* [WHAT YOU SHOULD DO]: Begin the copy at the line containing "山東省青島市城陽(yáng)" and end it at the final line of the material below, reproducing each line exactly, without images.

* [INFORMATION SHOWN]:
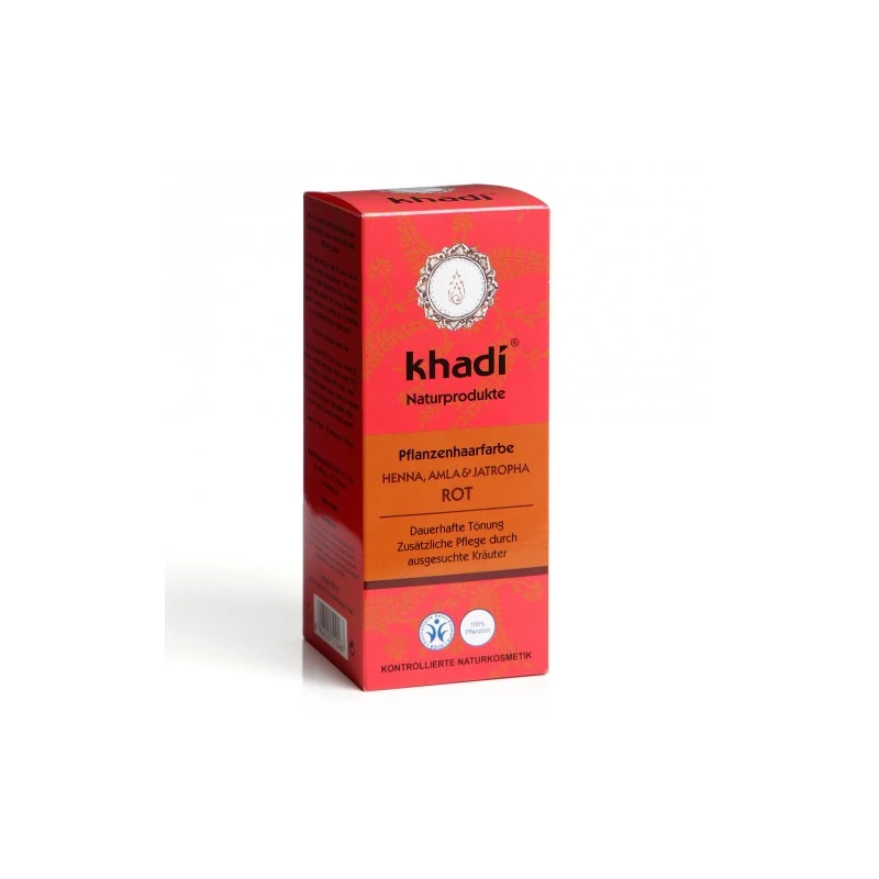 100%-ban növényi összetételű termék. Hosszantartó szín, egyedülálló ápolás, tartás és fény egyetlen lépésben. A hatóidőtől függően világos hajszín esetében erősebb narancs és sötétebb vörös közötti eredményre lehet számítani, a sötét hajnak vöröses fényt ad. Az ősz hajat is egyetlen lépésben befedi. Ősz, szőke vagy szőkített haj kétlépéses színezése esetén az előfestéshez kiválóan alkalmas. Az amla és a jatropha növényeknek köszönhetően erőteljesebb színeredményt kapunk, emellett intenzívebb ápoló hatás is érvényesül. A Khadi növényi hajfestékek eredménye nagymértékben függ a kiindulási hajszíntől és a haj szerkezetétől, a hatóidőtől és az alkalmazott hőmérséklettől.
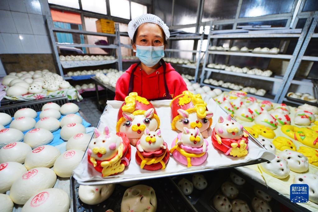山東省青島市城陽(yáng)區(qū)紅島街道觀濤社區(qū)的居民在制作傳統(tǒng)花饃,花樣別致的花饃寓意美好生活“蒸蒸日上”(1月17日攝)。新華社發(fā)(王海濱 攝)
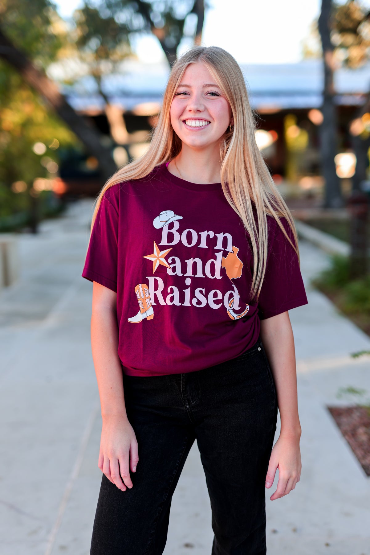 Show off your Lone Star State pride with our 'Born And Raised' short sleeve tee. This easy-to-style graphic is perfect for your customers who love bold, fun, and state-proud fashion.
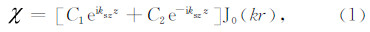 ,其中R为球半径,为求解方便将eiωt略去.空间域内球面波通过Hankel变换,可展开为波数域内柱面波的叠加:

* [RESULT OF THE TASK]:
山東省青島市城陽(yáng)區(qū)紅島街道觀濤社區(qū)的居民在制作傳統(tǒng)花饃,花樣別致的花饃寓意美好生活“蒸蒸日上”(1月17日攝)。新華社發(fā)(王海濱 攝)
 Show off your Lone Star State pride with our 'Born And Raised' short sleeve tee. This easy-to-style graphic is perfect for your customers who love bold, fun, and state-proud fashion.
 ,其中R为球半径,为求解方便将eiωt略去.空间域内球面波通过Hankel变换,可展开为波数域内柱面波的叠加:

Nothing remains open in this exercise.